The top ten important features are: 'salary', 'total_payments', 'exercised_stock_options', 'bonus', 'restricted_stock', 'shared_receipt_with_poi', 'total_stock_value', 'deferred_income', 'long_term_incentive' and 'loan_advances'. The newly created features: 'from_poi' and 'to_poi' did not make it to the top 10 features.

Now, we identified a few features before that had too many missing values: 'loan_advances', 'director_fees', 'restricted_stock_deferred', 'deferral_payments', 'deferred_income', before but since select k best selected the 'loan_advances' and 'deferred_income', we need to be careful in selecting features. I want to check how many POIs have missing data for these 5 features before eliminating them. Since I have fewer POIs in our dataset

import pandas as pd
df = pd.DataFrame(my_dataset)
df = df.T
df.loc[df['poi'] == True][['loan_advances', 'director_fees', 'restricted_stock_deferred',
                           'deferral_payments', 'deferred_income']]

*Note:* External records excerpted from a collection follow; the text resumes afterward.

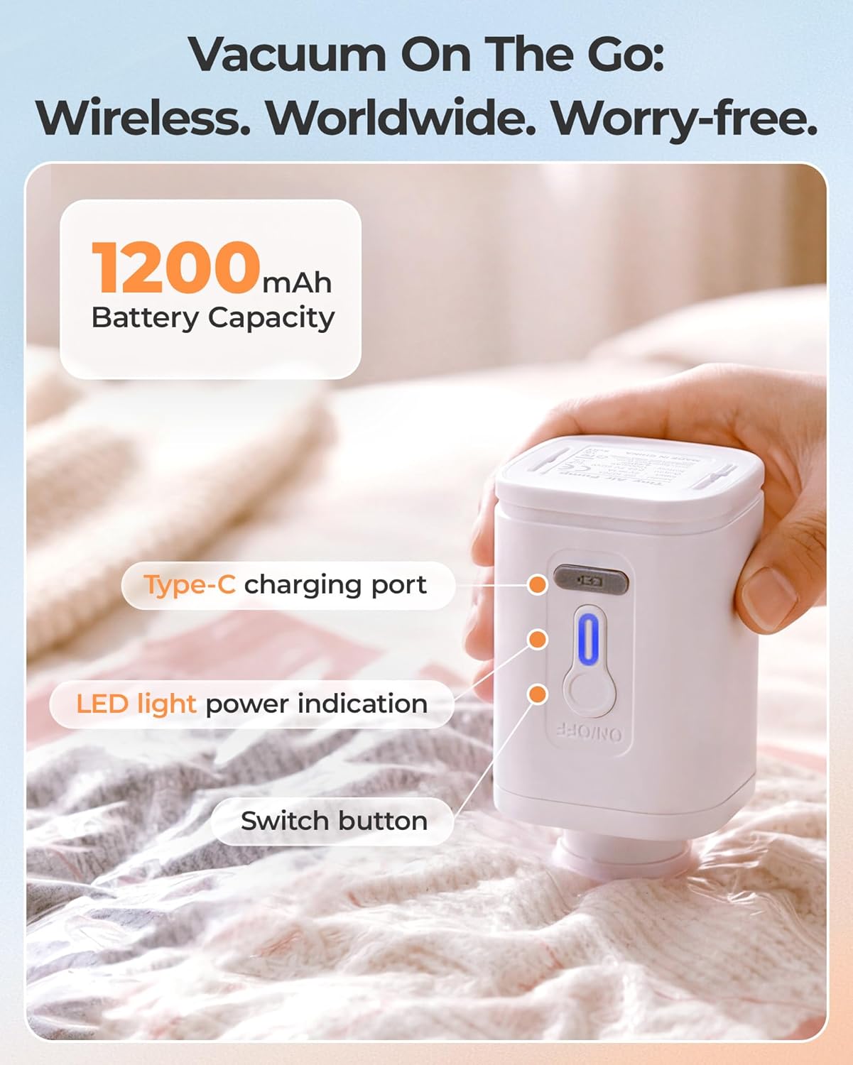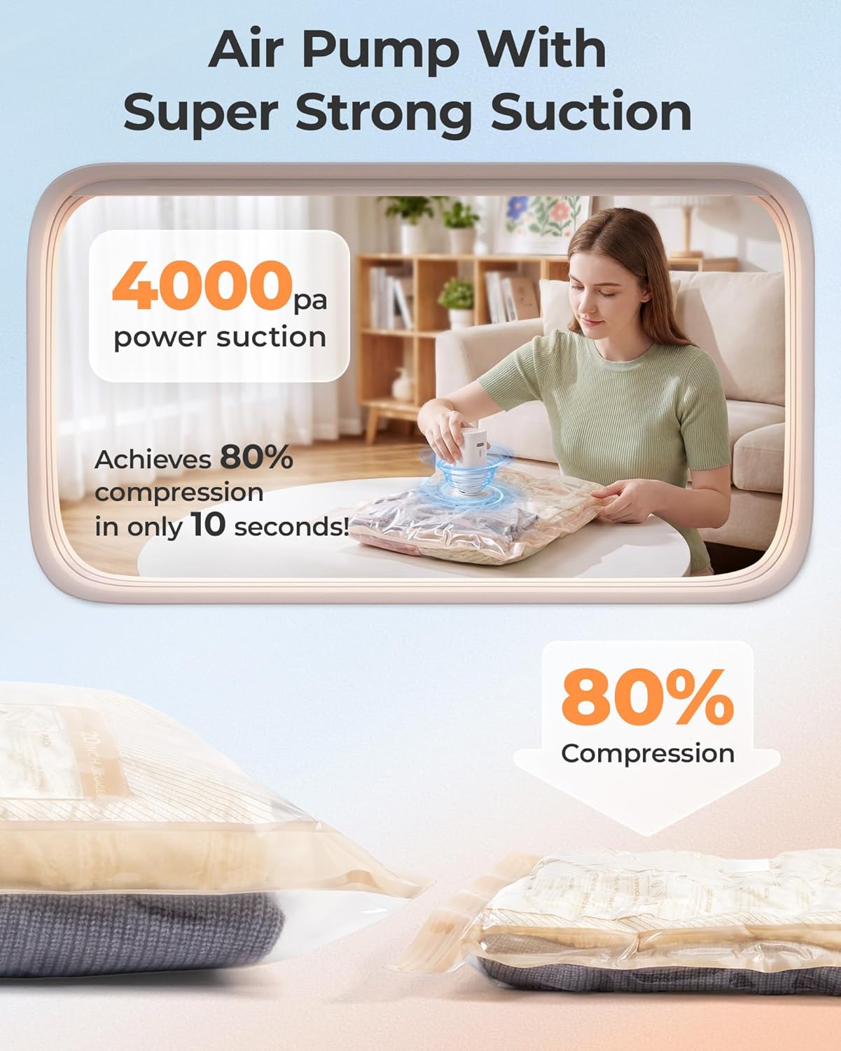 | Other Special Features of the Product | Customized Bag Size, High-Efficiency Compression, Rechargeable Air Pump, Type-C Charging, Vacuum Sealed |
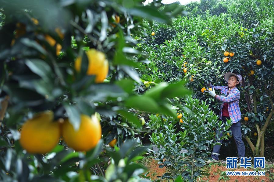 江西省寻乌县晨光镇桂花村的果农在采摘脐橙(11月10日摄)。新华社记者 万象 摄
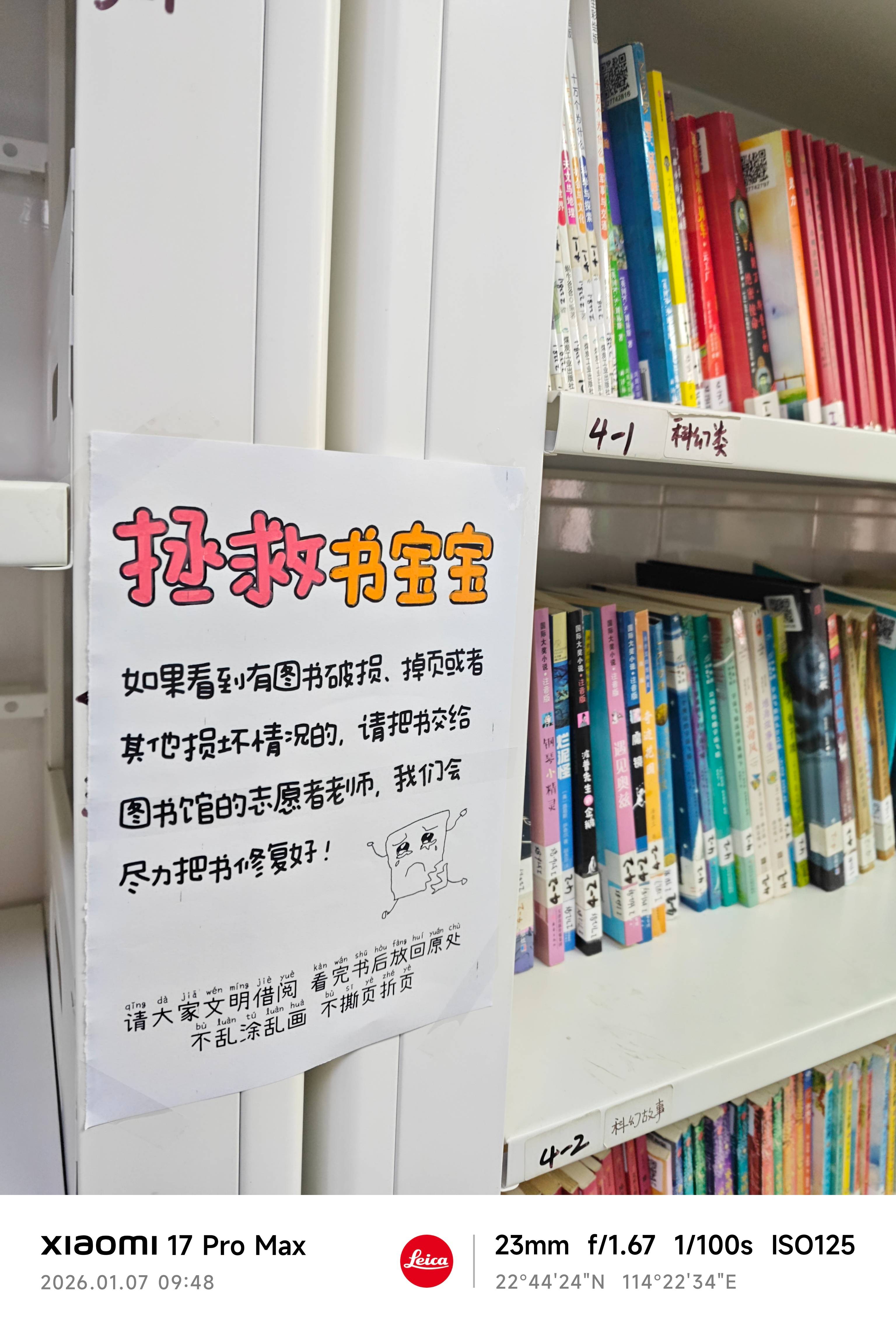 本学期最后一个开馆日,虽然已经不能借书了,每个课间还是有不少同学来看书,也有越来越多同学参加回顾我的2025、设计图书馆门牌活动,以及写下荐书卡。难得清静的课间,让我第一次听到了课前三分钟的预上课铃声,之前可是热闹得有时候连上课铃声我都听不到🤣也让我捕抓到不少可爱的瞬间,有帮同学扎头发的女孩,有站姿对称看书的伙伴,有一起找书的双胞胎兄弟,还有被对方可爱到互相捧脸拥抱的女孩们,更多是三俩成群看同一本……查看更多
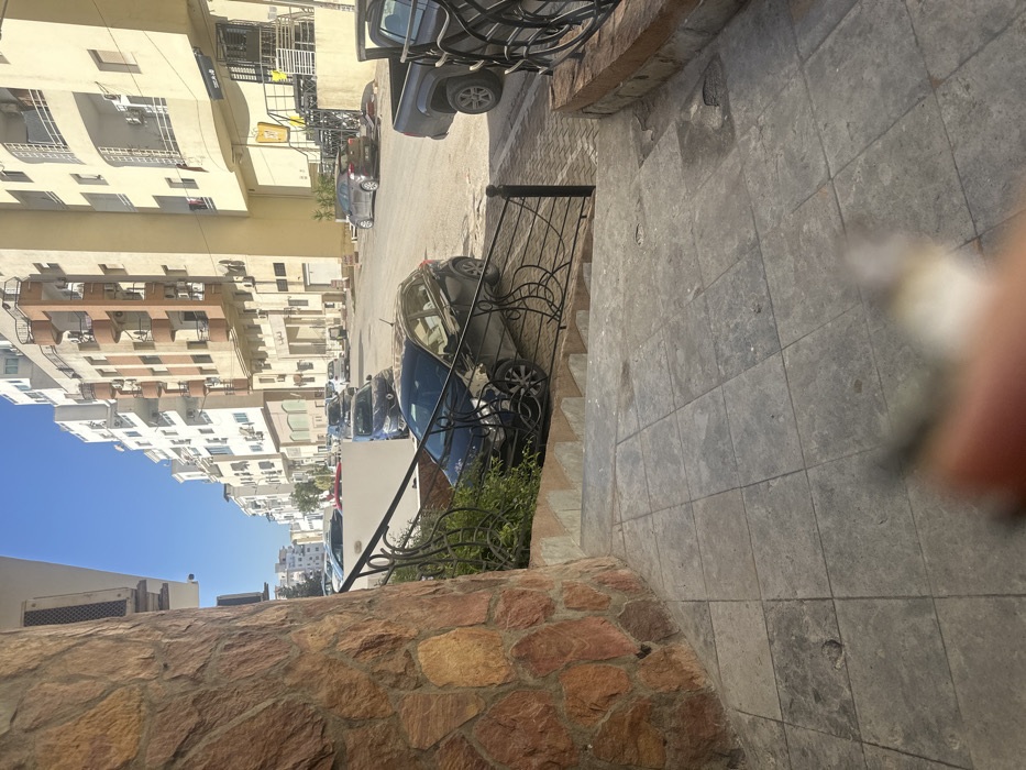 The image depicts an urban street scene in Ariana, Tunisia, observed from a slightly elevated position. In the foreground, a grey tiled pavement with minor wear extends across the bottom, partially obscured by a blurred, light-colored object held by fingers at the very bottom. To the left, a vertical structure clad in reddish-brown, irregularly shaped stone rises. A short flight of grey stone steps leads down, bordered by a black wrought iron railing with decorative scrollwork. Behind this railing, a small planted area with green foliage is visible. In the midground, a dark-colored hatchback vehicle, possibly black or dark grey, is parked facing away from the viewer, partially obscured by the railing and foliage. Beyond this, the street is visible, lined with multi-story buildings. On the left side of the street, buildings are predominantly white or light-colored, featuring multiple balconies with metal railings and numerous exterior air conditioning units. On the right side, buildings exhibit variations in color, including light yellow/beige and brown/tan, also equipped with balconies and visible air conditioning units. One building on the right features a storefront with a black sign bearing white text (partially illegible but resembling "SEAT") and a yellow sign below it. Further down, another building has a sign with Arabic script. The asphalt street surface shows some wear, with parked vehicles lining both sides. Notable vehicles include a black Renault Clio or similar hatchback on the left, a dark grey pickup truck (possibly a Volkswagen Amarok) parked on the right, and various other cars (sedans, hatchbacks) parked or in motion further down the street. The sky is clear blue, indicating sunny weather. No discernible human figures are present performing explicit actions within the visible frame.

I filtered for all the POIs to see if any of them had any values for the features we intend to remove from my algorithm.'loan advances', 'deferral_payments' and 'deferred_income' have values in them and hence if we remove these features, I will lose information pertinent to POIs. I am safe to remove director_fees and restricted_stock_deferred from the algorithm. I also removed email_address feature as its not numerical.

Pick and Tune an Algorithm¶

Next we try a variety of supervised machine learning classifiers to make predictions and test their accuracy.

## Task 4: Try a varity of classifiers
### Please name your classifier clf for easy export below.
### Note that if you want to do PCA or other multi-stage operations,
### you'll need to use Pipelines. For more info:
### http://scikit-learn.org/stable/modules/pipeline.html

from sklearn.pipeline import Pipeline
from sklearn.feature_selection import SelectKBest
from sklearn import cross_validation
from sklearn.model_selection import GridSearchCV
from sklearn.model_selection import StratifiedShuffleSplit
from sklearn.tree import DecisionTreeClassifier
from sklearn.preprocessing import MinMaxScaler
from sklearn.ensemble import AdaBoostClassifier
from sklearn.decomposition import PCA

features_list = ['poi','salary','to_messages', 'deferral_payments',
                'total_payments','exercised_stock_options','bonus','restricted_stock',
                'shared_receipt_with_poi','total_stock_value','expenses',
                'other','from_this_person_to_poi','deferred_income','long_term_incentive',
                'from_poi_to_this_person','loan_advances']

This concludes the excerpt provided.